Broadband wavelength converter based on segmented quasi-phase matched grating

Abstract

Broadband wavelength converters based on difference frequency generation (DFG), single-pass and double-pass cascaded second harmonic generation and difference frequency generation (SHG+DFG), single-pass and double-pass cascaded sum and difference frequency generation (SFG+DFG) are fulfilled by utilizing segmented grating structure in lithium niobate waveguide. Under the small-signal approximation, the effects of the waveguide length and the response flatness on DFG-based wavelength conversion are investigated by use of matrix operator, and then a feasible scheme to enhance the bandwidth and stability of signal and pump wave is proposed. For single-pass/double-pass SHG+DFG wavelength conversion scheme and single-pass/double-pass SFG+DFG wavelength conversion scheme, the effect of segmented grating structure on conversion bandwidth is studied theoretically and numerically, the results show that the signal conversion bandwidth can be broadened by optimizing the aperiodic grating.
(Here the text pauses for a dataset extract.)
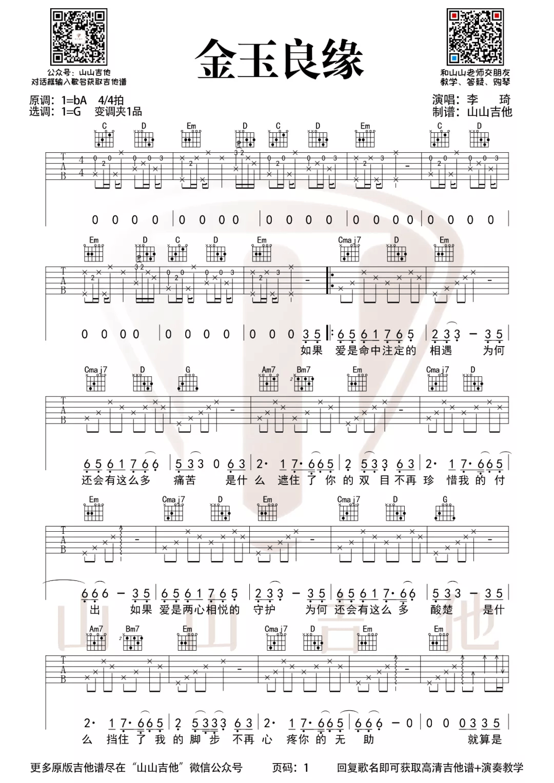曲谱介绍: 付雪/李琦《金玉良缘》吉他弹唱谱,采用G调指法编配,共有2张高清图谱,免翻页排版设计。

Moreover, the influence of "balance condition" on double-pass SFG+DFG-based wavelength conversion is analyzed, one can achieve enhanced conversion efficiency and conversion bandwidth by adjusting the power and wavelengths of pump sources according to the "balance condition". In the end, a reasonable suggestion is presented to achieve broadband wavelength conversion under different requirements.